For one of the most famous names in world football, it was a long wait for a third continental title. Santos were winners of the third and fourth editions of the Copa Libertadores, back in 1962 and '63, but hadn't managed to add a third continental championship since, until Wednesday night. A 2-1 home win in the second leg of the 1960s throwback final against Penarol - the Uruguayan giants they deposed as champions back in '62 - was enough to lift the trophy after the first leg in Montevideo had finished 0-0 a week earlier.
The long gap was for a simple reason: in terms of fanbase and economy, Santos aren't a big club in Brazil anymore. They could hardly, of course, be described as 'small', but they're not up there with the likes of Flamengo, Sao Paulo, Corinthians et al when it comes to coverage and expectations. This Copa win, their first for 48 years, might finally mean the club can start to step out of one great player's shadow, as well: it was always unfair to refer to that team of the 60s as 'Pele's Santos', but now younger generations of supporters have a triumph all of their own.
The stars this time round are unlikely to stick with the club for as long as Pele did though. The idea of any of them being declared 'unexportable' by the Brazilian government is a peculiar one in today's world, for starters. Already, two look certain to leave. Paulo Henrique Ganso, the tall, slim playmaker who many in Brazil wanted to be taken to last year's World Cup as a replacement for Kaka, will surely be in Europe before long - though it looks like he might move to Corinthians for a year beforehand. Neymar, meanwhile, is the poster boy of the side (in spite of that ridiculous hair), and is bound to be off to Europe soon, if not during the coming transfer window - a possibility that will only increase should he impress in the Copa America, for which he'll be an important figure for Brazil.
One thing no readers who caught any of this year's Libertadores (any of Santos' Brazilian Paulista state championship, or any of his Brazil appearances to date) will have failed to notice is that unfortunately, he dives. A lot. I produce a podcast on Argentine football and, recently, we had a Brazilian guest on to discuss his national team prior to the Copa America. He was a Santos fan, and when we asked what he thought of Neymar, even he said he dived too much. He'll surely realise pretty quickly when he comes across less tolerant refereeing that he can't keep doing so, though.
It's undeniable, in spite of the above paragraph, that Neymar's a magnificent talent. He's quick, a good finisher and, at 19, he's only likely to improve in every respect. His insistence that - for the moment at least - he feels Santos is the best place for him to play his football is also a sign that whilst he seems to know full well he's a star attraction, something in his head's in the right place. In that respect there are similarities with Erik Lamela, the River Plate starlet (also 19 years old) who I profiled for ESPNsoccernet a couple of months ago.

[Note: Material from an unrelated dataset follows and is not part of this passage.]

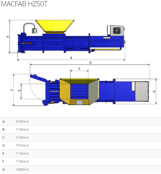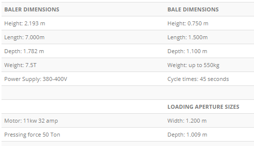 - A semi-Automatic Horizontal Baler with 50 Ton compaction force.

As well as Neymar moving on at some point, and Ganso looking destined for Europe, a couple of Santos' other forwards might also be on their way. At first glance that seems odd considering the side only won one match - the final group game - by more than a single goal, but this is a side whose threat, at least, was always there. Maikon Leite, who didn't play a minute of the final, is off to Palmeiras, but a more key figure, Ze Eduardo, has got a move to Genoa in Italy.
Ze Eduardo's move is a little surprising because what he mainly seemed to do during this Copa campaign, with the notable exception of the 3-3 draw with Cerro Porteno in the second leg of the semi-final, was miss some absolute sitters. Neymar might have seemed very individualistic to some viewers, but some of that at least was down to his strike partner looking all at sea. All the same, his previous record as a goalscoring forward/attacking-midfielder is roughly one goal every three games, so perhaps we shouldn't judge him too harshly. Superbly, he's referred to by Santos fans as 'Ze Love'.

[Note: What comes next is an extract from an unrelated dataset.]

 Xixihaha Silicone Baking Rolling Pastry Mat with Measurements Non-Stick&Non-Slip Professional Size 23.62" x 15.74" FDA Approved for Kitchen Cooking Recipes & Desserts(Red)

Elsewhere in the side, Santos have stuck to at least one great Brazilian tradition in having superb attacking full-backs. That's especially true on the left, where Leo, the former Benfica veteran and now aged 35, has been a major attacking threat. When he's not been able to feature, his understudy Alex Sandro, a Brazilian Under-20 international, has slotted in seamlessly.
With the forwards not always managing to heavily outscore opponents in spite of their undoubted talents, Santos' defence has been a major part of their success as well, of course. 30-year-old centre back pairing Durval and Edu Dracena - the latter formerly of Olympiakos and Fenerbahce - have been uncompromising at the back, although captain Edu has a black mark against his name for a silly red card near the end of the semi-final second leg which saw him miss the first game of the final. One for the future, though, could be goalkeeper Rafael, who's already played upwards of 70 first team games at the age of just 21; Sevilla have been linked.
So Santos are going to have a struggle in the coming months to keep their team together, though the lure of December's Club World Cup might help for six months at least. All the same, they can finally step out of the shadow of Pele, who was delighted to be presenting them with the trophy as (of course) a representative of the competition's sponsors. Santos F.C. have come of age.